**THE TASK:**
Give the listing back in full, exactly as written, with the pictures removed.

**DATA EXCERPT:**
= Beginning of Section =

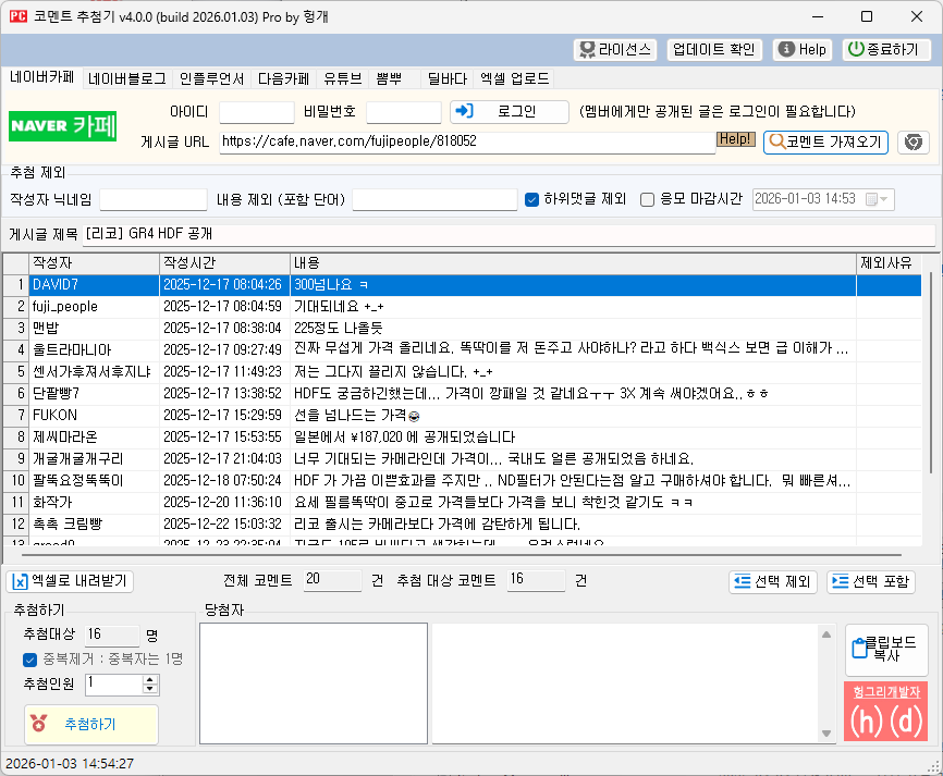 - 내용 제외 : 코멘트 내용중에 특정 문구가 들어간 코멘트는 추첨 대상에서 제외한다.
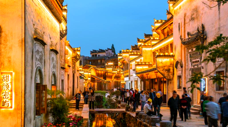 弦高西湖凼文旅街区位于江西上饶市婺源县城,是一处集徽州文化、市井生活、山水意境与现代创意体验于一体的文商旅综合体。街区地理位置优越,交通便捷。街区在改造中秉持“新旧共生”理念,保留部分古木、古屋、古街道、古城墙和水系,复原历史街巷布局。建筑严格遵循徽派建筑传统规制,建筑各具特色,木雕、砖雕、石雕技艺精湛,是研究徽州历史与建筑艺术的活态样本。街道两旁特色小吃琳琅满目,充满烟火气息。街区还有众多非遗体验工坊,游客可近距离观看非遗传承人展示技艺。此外,常态化举办多种民俗演艺活动,如梦如幻,让游客流连忘返。
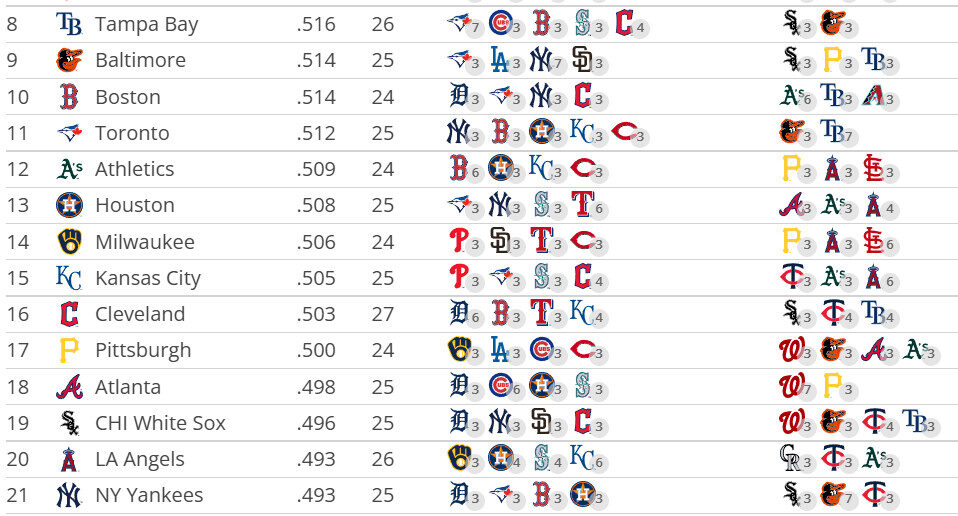 The Red Sox? Guardians, Diamondbacks, A's, Yankees, A's, Rays, Blue Jays and Tigers. As for the Blue Jays, it'll be the Reds, Yankees, Astros, Orioles, Rays, Royals, Red Sox and Rays.

= End of Section =

**TASK SOLUTION:**
 - 내용 제외 : 코멘트 내용중에 특정 문구가 들어간 코멘트는 추첨 대상에서 제외한다.
 弦高西湖凼文旅街区位于江西上饶市婺源县城,是一处集徽州文化、市井生活、山水意境与现代创意体验于一体的文商旅综合体。街区地理位置优越,交通便捷。街区在改造中秉持“新旧共生”理念,保留部分古木、古屋、古街道、古城墙和水系,复原历史街巷布局。建筑严格遵循徽派建筑传统规制,建筑各具特色,木雕、砖雕、石雕技艺精湛,是研究徽州历史与建筑艺术的活态样本。街道两旁特色小吃琳琅满目,充满烟火气息。街区还有众多非遗体验工坊,游客可近距离观看非遗传承人展示技艺。此外,常态化举办多种民俗演艺活动,如梦如幻,让游客流连忘返。
 The Red Sox? Guardians, Diamondbacks, A's, Yankees, A's, Rays, Blue Jays and Tigers. As for the Blue Jays, it'll be the Reds, Yankees, Astros, Orioles, Rays, Royals, Red Sox and Rays.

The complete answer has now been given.